This year a friend reached out, asking me to join his Movember team. I accepted his invitation but didn’t care much for it.
But like a ragged stache, the idea grew on me. Mini firecracker-revelations popcorned in my head.
This year’s been tough for everyone, but it’s been tough for men in a very specific way. For us, the quarantine became not only a state of self-contained bodies, but self-isolated thoughts and emotions too.
Men are not good at sharing their feelings.
Ever since my dad left Jaffna (a city in northern Sri Lanka), he hit the ground running and he’s been running ever since. Even when Uber – his full-time job at the time – terminated his account, he started his own (barely successful) limo company. He managed to get a website and an online booking system up and running. Running. Of course he had help but it was still quite the feat for an immigrant dad in his 60s.
My dad’s a do-er, always running. So when the quarantine asked him to finally stop running, he didn’t quite know what to do.
Being stuck at home, my dad was intolerable. He would complain about every little thing, and of course we took it for face value. If he complained about my room door not being closed, we assumed he was mad about my room door not being closed when in reality, these little nags were a result of the emotional stress that he refused to talk out.
I see myself in my dad. It’s hard for me to talk about myself and the things I go through, even with my closest friends.

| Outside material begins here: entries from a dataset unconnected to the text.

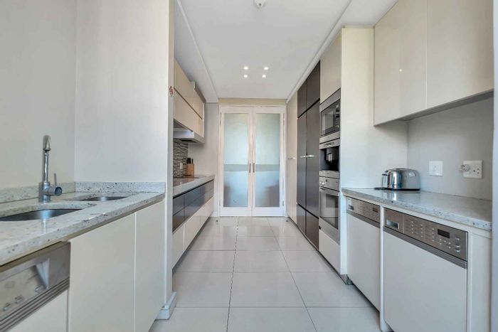 Entertain effortlessly in Sandhurst Towers, Sandton's elite address with Benmore and CBD convenience; north-facing balcony with eight-seater dining, gourmet kitchen, two bedrooms, two baths, double garage.
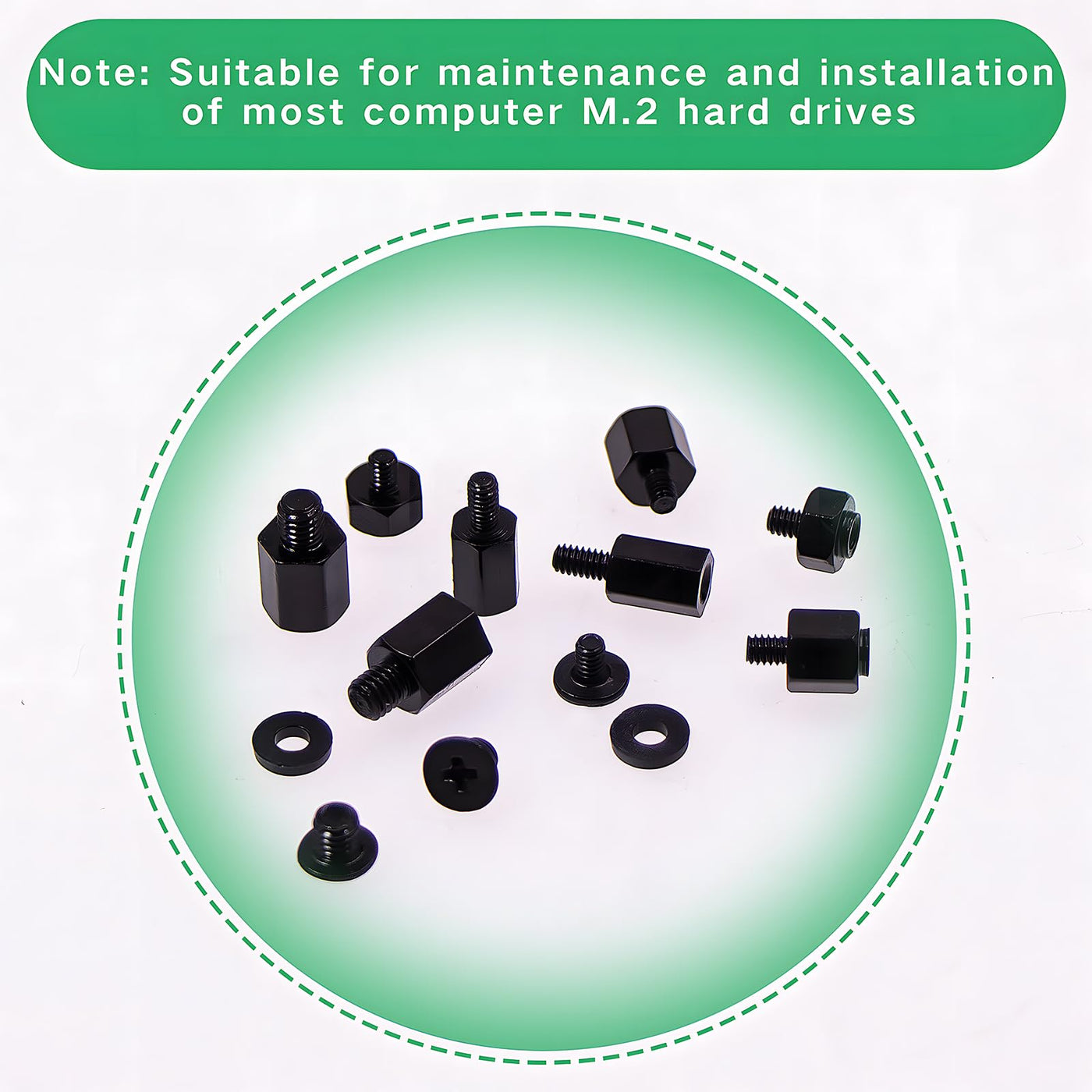 - Package included:200pcs black m.2 standoff and screw and washers.4 style standoffs for mounting M.2 SSDs,they are M3x6+2.5,M2x2.5+2.5,M2x4.5+2.5,M2x6+4,2 size M.2 screws,M3x3 screws and M2x3 screws, 40pcs M2 washers and 1 magnetic screwdriver,Available in different lengths and diameters to accommodate various SSD sizes and mounting configurations
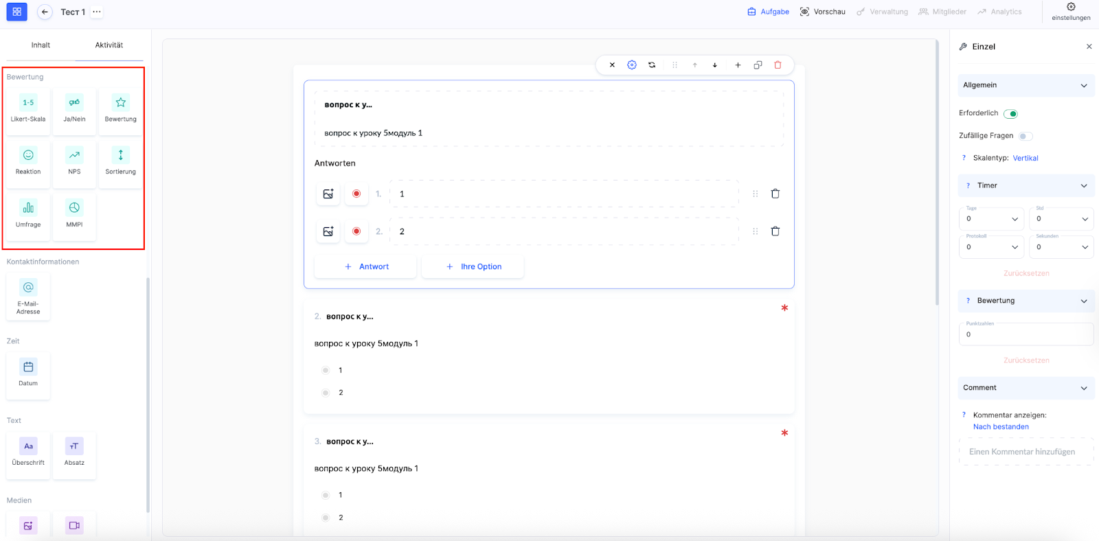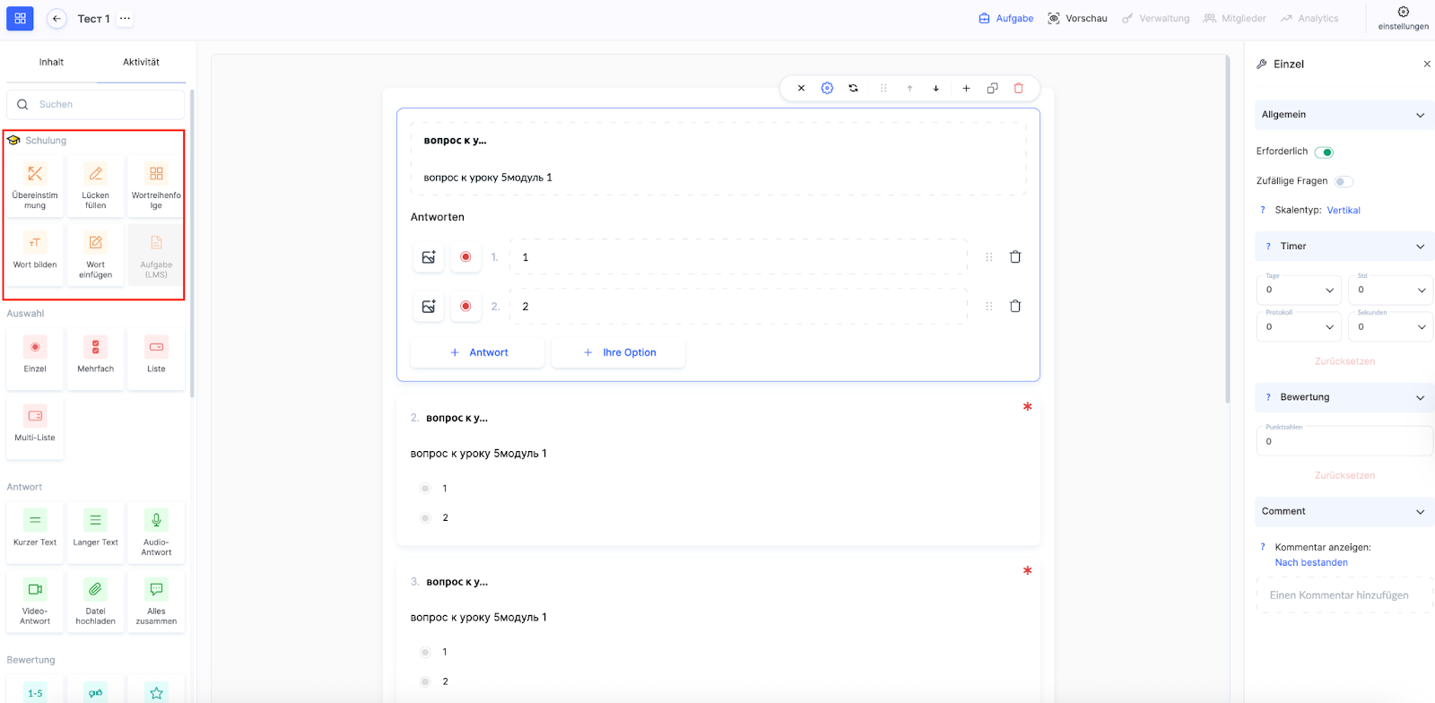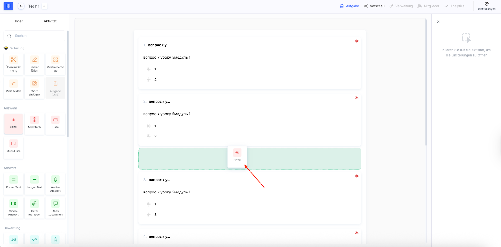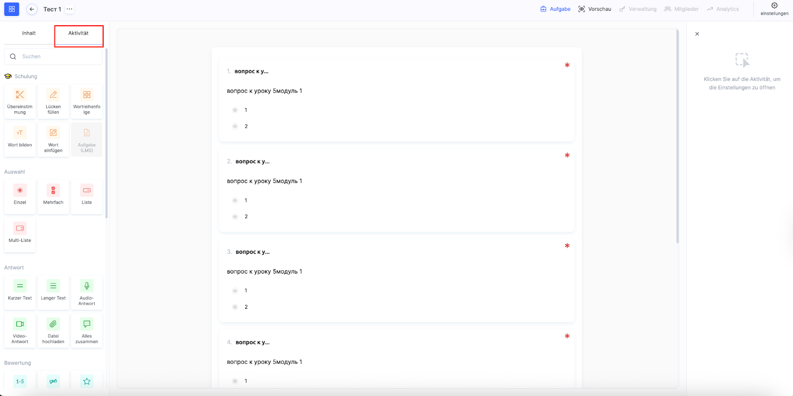 Füllen und konfigurieren Sie die ausgewählte Aktivität – zum Beispiel, indem Sie Fragen und Antwortoptionen hinzufügen.
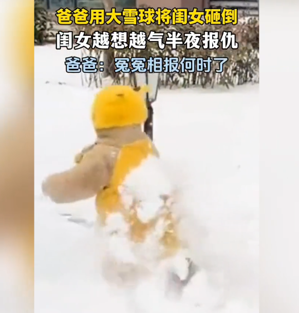 1月21日,江苏,据视频显示,爸爸和闺女在雪地里玩雪,爸爸用大雪球将闺女砸倒,闺女越想越气半夜报仇,竟趁着爸爸睡着了狠狠的给了爸爸一巴掌。
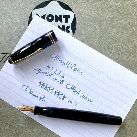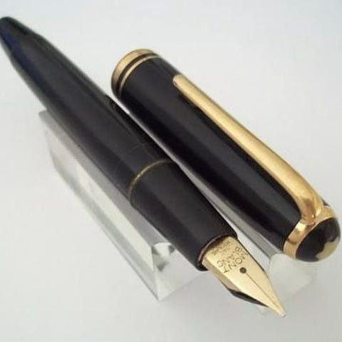 Montblanc Meisterstück krop i blank resin med gyldne detaljer, nib i 14K guld håndlavet, pennens længde med låg 14,5 cm, pennens længde 12,5 cm, omkreds 4 cm, i stand som ny og fungerer.
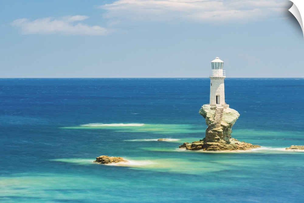 <p>Tourlitis lighthouse, the first automatic offshore lighthouse in Greece, Andros, Cyclades Archipelago, Greece, Europe.</p>
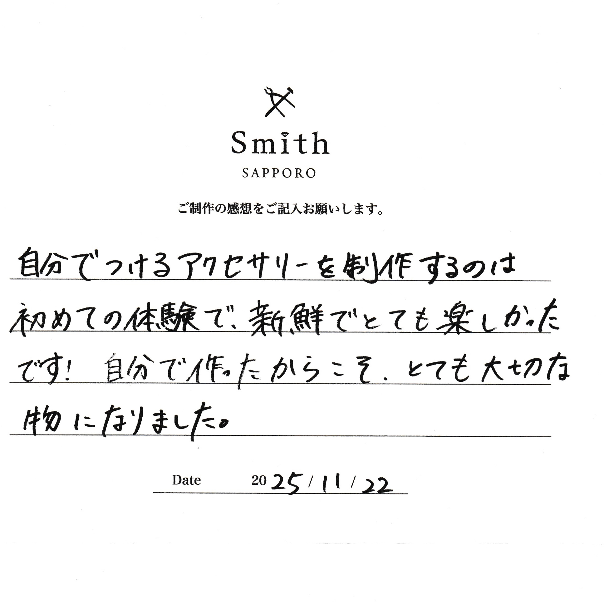 自分でつけるアクセサリーを制作するのは初めての体験で、新鮮でとても楽しかったです!
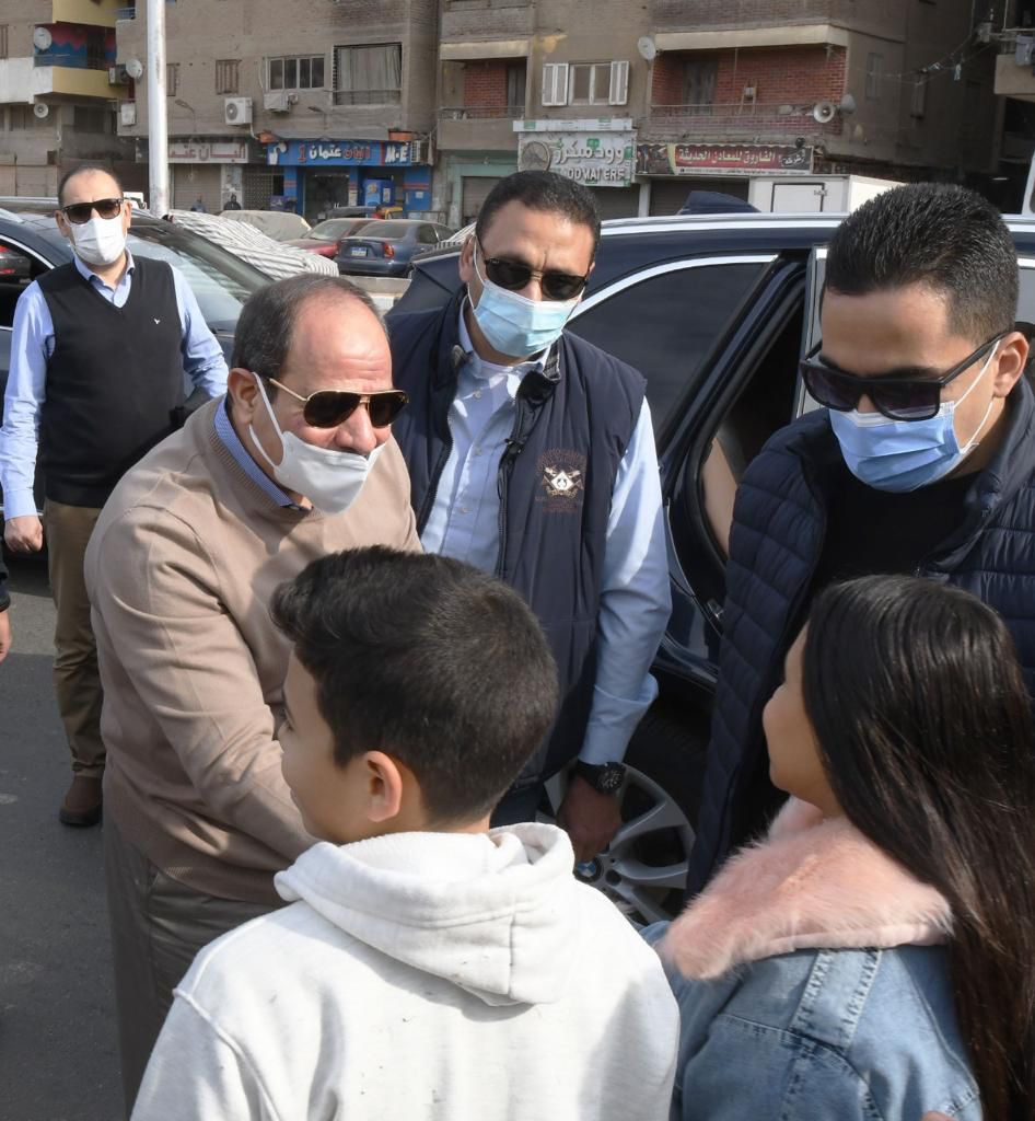 توقف الرئيس عبد الفتاح السيسي اليوم خلال الجولة التفقدية لتبادل التحية والحديث مع عدد من المواطنين الذين تصادف تواجدهم أثناء مروره، حيث استمع إلى طلباتهم واحتياجاتهم.

A couple days before Movember started, one of my friends reached out to me in emotional distress; he was going through a rough patch and needed someone to talk to. After he finished telling me what he was going through, he told me a story of something he witnessed earlier that day:
“I watched a bird sit in the middle of the road, alive but not moving. I wasn’t sure whether it could fly or not. Whether it needed help or time. In an instant a car ran it over. In another, another car came, blocked off the oncoming lane and a singular swift move, swooped up the dying bird and drove off.”
That day, his story, his vulnerability all left a mark on me. He called me because he needed someone to talk to, but he helped me in a way far greater than my passive ears ever could; he
helped me realize the infectious quality of opening up to people. It sets a precedent, opens up a two-way bridge that normalizes asking for help.
For someone like me who has trouble asking for help, see another man just willfully and willingly asking for emotional support inspired me. It made me realize that we often ask our friends for help when we want to lift a heavy piece of furniture, so why can’t the same apply for when we need to lift an emotional payload that’s too much for one person to bear alone?
I had a burst of motivation fueled by the revelation that men are evolving. This Movember, I had a vision: a collective energy of beardless men united for a month in this act of setting aside our egos and being ugly.
The world is ugly. Someone will run you over without looking back. But it’s beautiful too. Someone else will block off the oncoming lane and in a singular swift move, swoop and save you.